# Wacky Rigging Senkos



## CRAPEYE (Mar 6, 2006)

Having trouble staying hooked up with a wacky rig. Using ten pound braid with ten pound floro leader and a 1/0 vmc weed less wacky rig hook any ideas?


----------



## Pigsticker (Oct 18, 2006)

If by hooked up you mean its falling off the hook to easy get yourself a wacky worm tool that comes with some small rubber rings. Its basically like putting a tight belt around the worm. Then you just put the tip of hook between the ring and the worm without ever piercing the worn. It makes your Senko last forever and also greatly increases your hookup ratio because the whole hook is exposed. They're only like $6 and you can buy extra rings really cheap. Or if you can't find the tool locally you can always wrap a small rubber band around the center of your worm tightly and slide the hook between worm and band. I swear by the tool and rings because you save so many worms it pays for itself quickly. Let alone the improved hookset ratio. Once you have the ring on a Senko and you want to switch lures just leave it on the worm till next time you use it because its so snug you'll sometimes rip the worm trying to remove the band.

If you meant your hookup ratio is bad then the exposed hook will really help and you can Google Gary Yamamoto how to set hook with wacky rig. Its actually him showing that your never set the hook like you do traditionally with a jerk. He shows you just sweep the rod parallel to the ground slowly waist high and start reeling fast. The circle hook turns in its mouth and hooks it solidly 99% of the time perfectly in the side of the fish mouth.


----------



## CRAPEYE (Mar 6, 2006)

Thanks for the reply I should also have said that I was using an o-ring and that I was also talking about hook set ratio. I was losing fish on the second jump just spitting the the hook right back at me. I'll try the sweep hook set and exposed hook tomorrow. Thanks again


----------



## Scum_Frog (Apr 3, 2009)

I run mine on an octopus hook on 10lb mono and have never had a single issue.....I love running the Octo's seem to have easier sweeping hook sets....heres how I rig mine...stupid terrible paint picture I did real quick but you get the idea...I dont expose the hook on mine I keep it meated. Less snags. I didnt show it that way on the pic though but you get the idea how I run it double through the senko.


----------



## Mr. A (Apr 23, 2012)

I do the same thing as scumfrog when I'm in the weeds fishing. Works great and Sooooo simple once you start doing it. Never had an issue with worm life either.

Mr. A


----------



## Bass-Chad (Mar 9, 2012)

Pigsticker said:


> If by hooked up you mean its falling off the hook to easy get yourself a wacky worm tool that comes with some small rubber rings. Its basically like putting a tight belt around the worm. Then you just put the tip of hook between the ring and the worm without ever piercing the worn. It makes your Senko last forever and also greatly increases your hookup ratio because the whole hook is exposed. They're only like $6 and you can buy extra rings really cheap. Or if you can't find the tool locally you can always wrap a small rubber band around the center of your worm tightly and slide the hook between worm and band. I swear by the tool and rings because you save so many worms it pays for itself quickly. Let alone the improved hookset ratio. Once you have the ring on a Senko and you want to switch lures just leave it on the worm till next time you use it because its so snug you'll sometimes rip the worm trying to remove the band.
> 
> If you meant your hookup ratio is bad then the exposed hook will really help and you can Google Gary Yamamoto how to set hook with wacky rig. Its actually him showing that your never set the hook like you do traditionally with a jerk. He shows you just sweep the rod parallel to the ground slowly waist high and start reeling fast. The circle hook turns in its mouth and hooks it solidly 99% of the time perfectly in the side of the fish mouth.

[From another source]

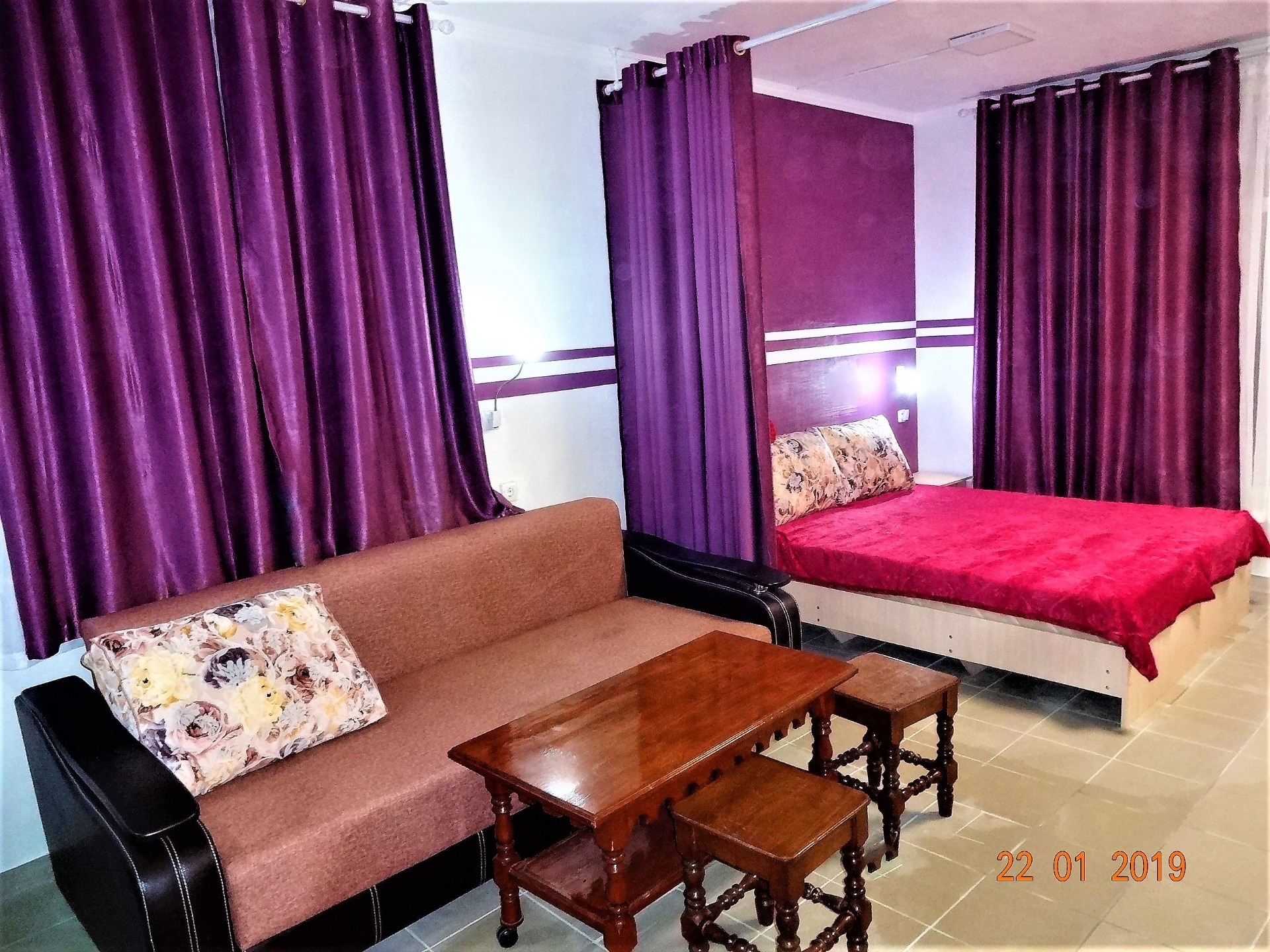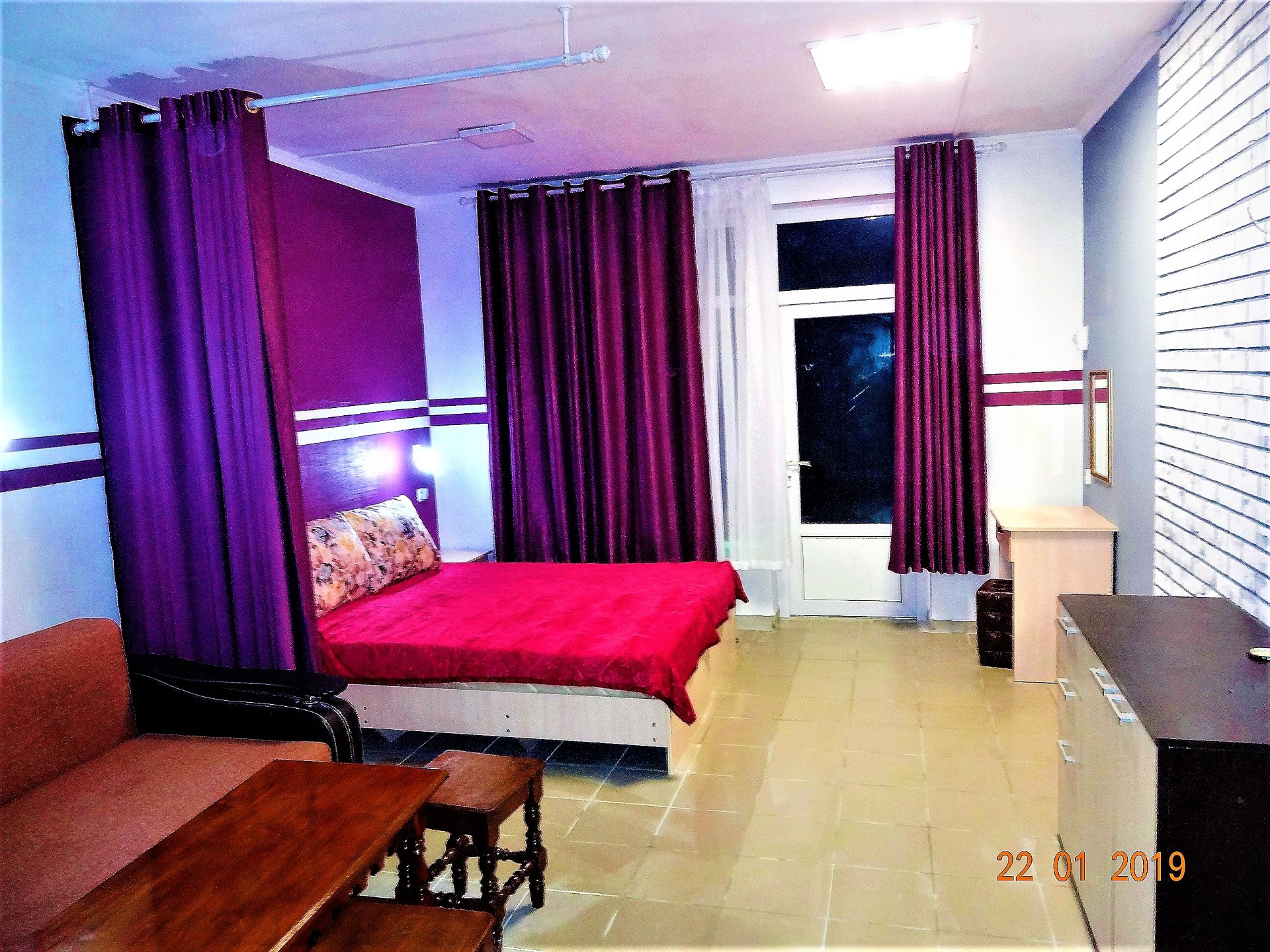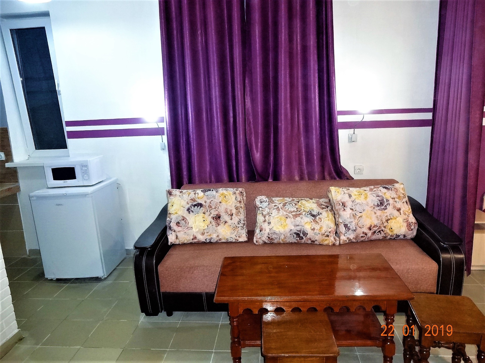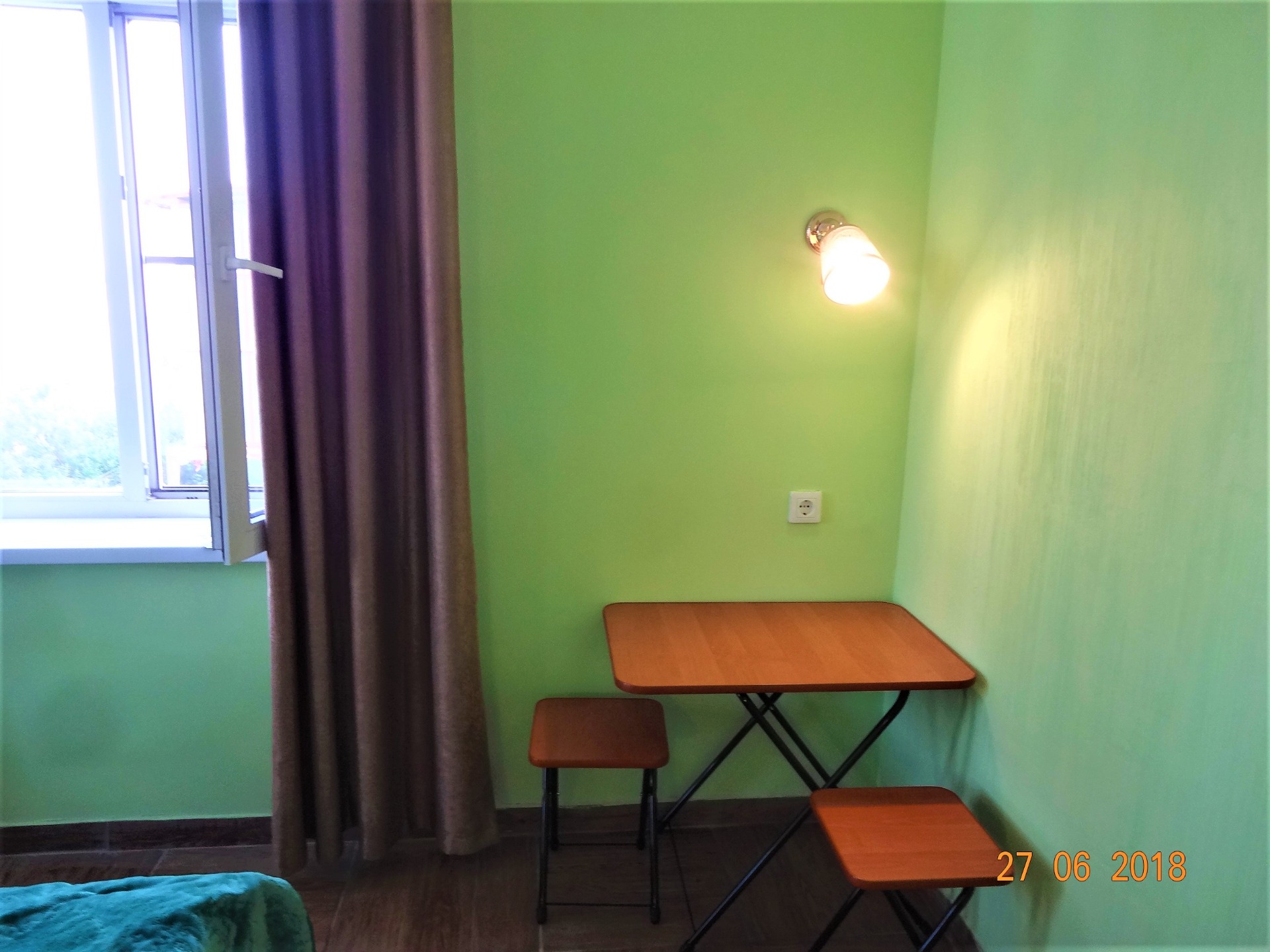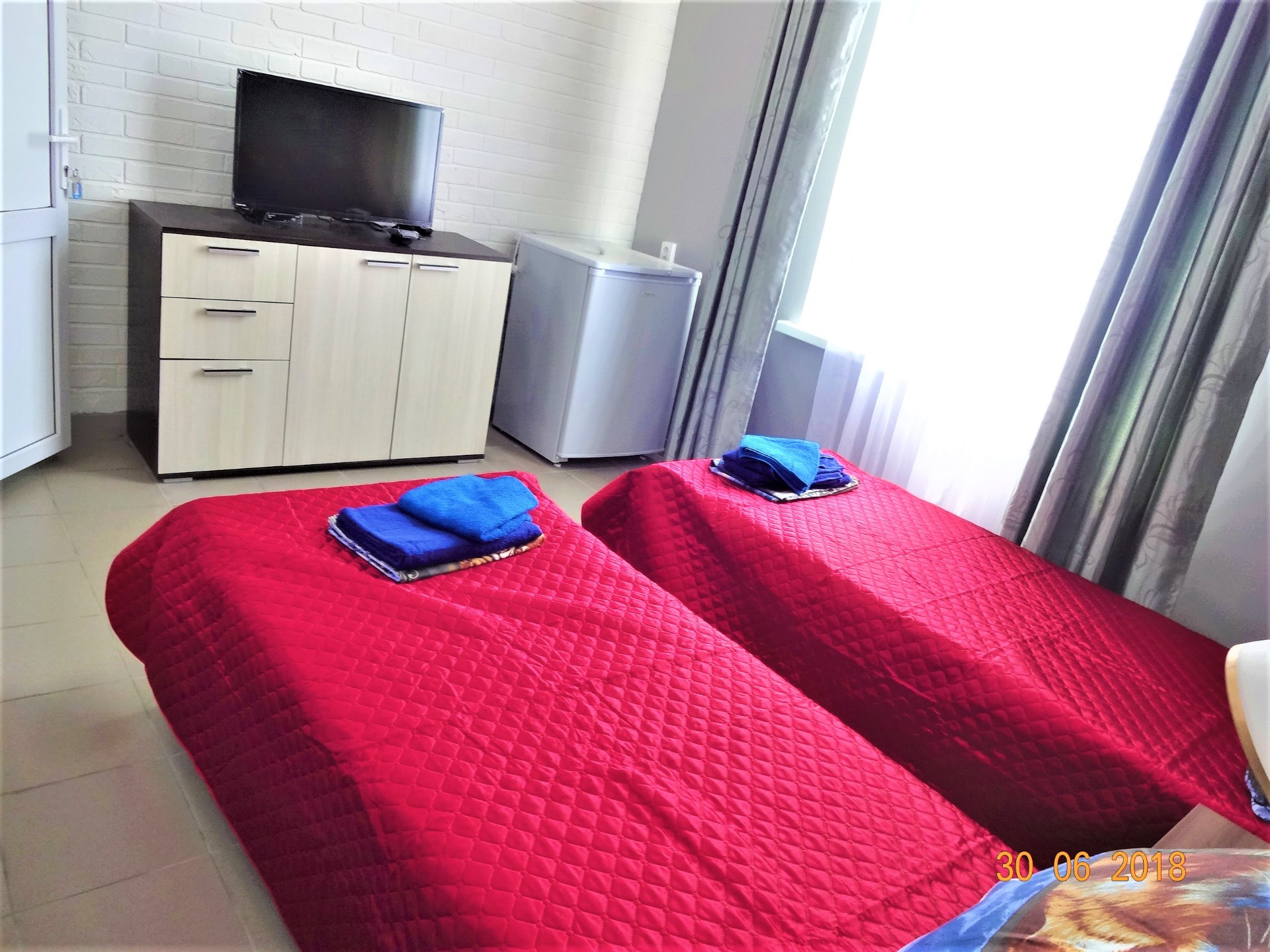 номер СИРЕНЕВЫЙ рассчитан на 4-х человек, в номере 2 односпальные кровати, большой диван, туалет, душ, сплит система, холодильник, ЖК ТВ, комод, шкаф для белья, туалетный столик с зеркалом, столик обеденный, стулья. В номере своя миникухня с посудой, эл. чайником, эл. плиткой, микроволновкой. Номер с отдельным входом со своей террасой со столом и стульями. Вид на детскую площадку и озеро.

^ This, I bought the rubber rings at LBF before they closed down and moved, never had a worm fall off yet using it. Anything from senkos to yum dingers, it holds and works wonders.


----------



## Bassbme (Mar 11, 2012)

I use something called a Wacky Saddle that I got from Tackle Warehouse. It's 2 O rings attached together by a piece of rubber. It works excellent and keeps the hook in the same position it would be if you didn't use an O ring and just ran the hook through the bait. The kit comes with 2 different sized saddles and installation tools for worms of different thicknesses. 25 of each, which is more than enough to last a life time. Great product that holds the bait even better than a single O ring does. 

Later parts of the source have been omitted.